Проснулся я от ощущения смутного беспокойства. Часы показывали начало двенадцатого. В соседней комнате горел свет и тихо работал телевизор. Я присел на кровати. В груди слева была непривычная тяжесть. Я несколько раз глубоко вздохнул, пытаясь избавиться от неё, но это не помогло. Тяжёлый ком оставался на месте. Вдруг всё тело покрылось холодным потом, неприятно закружилась голова. Руководствуясь непонятным инстинктом, я крикнул:
– Леонид Яковлевич! Срочно вызывайте скорую: у меня инфаркт.
Мой учитель с перепуганным лицом моментально оказался возле кровати:
– Саша, ты что такое говоришь? Какой инфаркт!

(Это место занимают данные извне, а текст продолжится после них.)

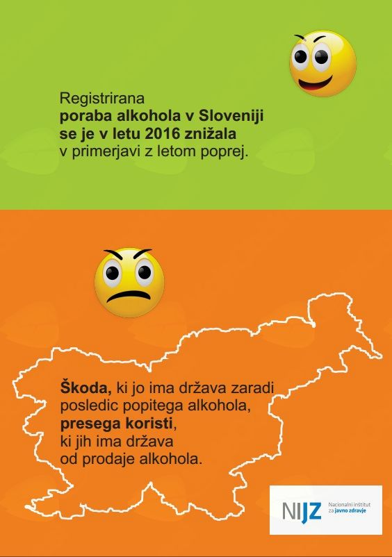 V Sloveniji je registrirana poraba alkohola visoka, skupaj s problematičnimi pivskimi navadami to pripomore k višjemu zdravstvenemu bremenu. Slovenija je po registrirani porabi alkohola že desetletja nad mednarodnim povprečjem EU in Evropske regije Svetovne zdravstvene organizacije. Vzpodbudno je, da se je v letu 2016 v Sloveniji registrirana poraba alkohola v primerjavi z letom 2015 znižala, še vedno pa ostaja problematična z javnozdravstvenega vidika.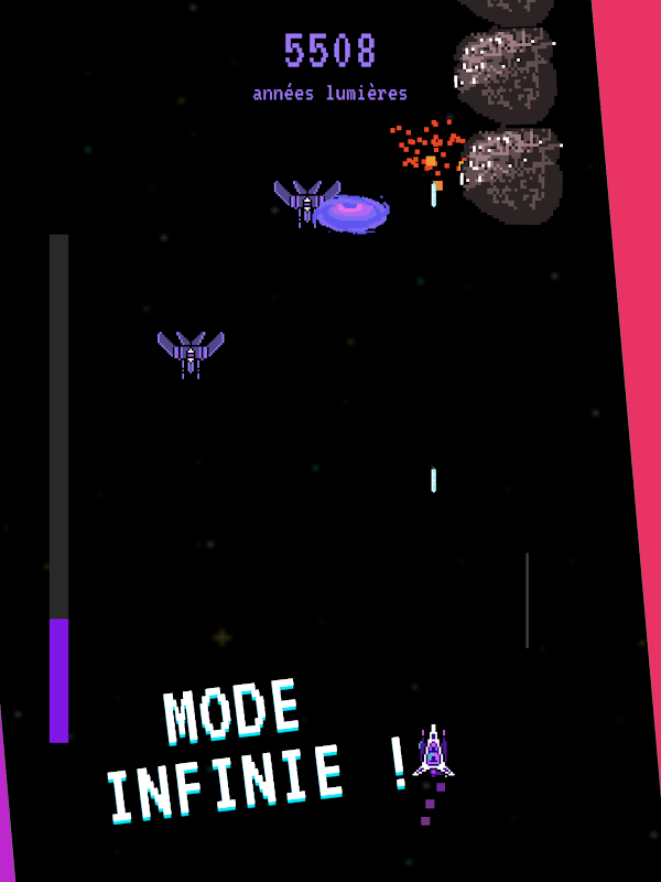 - Combattez les boss et éviter les pluies d'astéroïdes.

Я не стал его убеждать, чувствуя, как, словно вода сквозь пальцы, уходят силы:
– Леонид Яковлевич, я не шучу: срочно вызывайте скорую.
Машина скорой помощи прибыла буквально через пять минут, оказалось, что городская больница расположена буквально за забором нашей гостиницы. Вскоре я лежал в палате, а вокруг меня суетилась молоденькая сестричка, безуспешно пытаясь ввести иглу капельницы в вену. Скомпрометированные предыдущей больничной эпопеей, они отказывались подчиниться её неумелым попыткам. Жжение в груди нарастало. Наконец, сестричка сказала, что сейчас приведёт опытную сестру из детского отделения, велела не двигаться и исчезла.
Я лежал, в голове носились какие-то обрывки мыслей, среди которых главная была о том, что ожидает моего сына, если мне вдруг придётся умереть. В какой-то момент я ощутил, что боль в груди уменьшилась, а затем исчезла вовсе. Окружающий мир стал наблюдаться словно через прозрачную колеблющуюся плёнку, исчезли звуки. Мне стало покойно и, я бы даже сказал, безразлично. Что-то говорили соседи на своих койках, собратья по несчастью, но я их не слышал, всё больше погружаясь в состояние блаженного покоя. Я видел, как открылась дверь, и в палату поспешно вошла немолодая женщина в белом халате. Она с тревогой посмотрела на моё лицо, взяла иглу и с первой попытки ввела её в вену.
Прошло буквально несколько секунд, и колеблющаяся пелена, отделяющая моё сознание от окружающего мира, исчезла так же внезапно, как и появилась. Вернулись встревоженные голоса окружающих меня людей, вернулась, хотя и с меньшей силой, боль в груди слева. Потом была санавиация, неутешительный диагноз о трансмуральном инфаркте, отягощённом воспалением сердечной сумки, бесчисленные капельницы и препараты, новая больничная эпопея.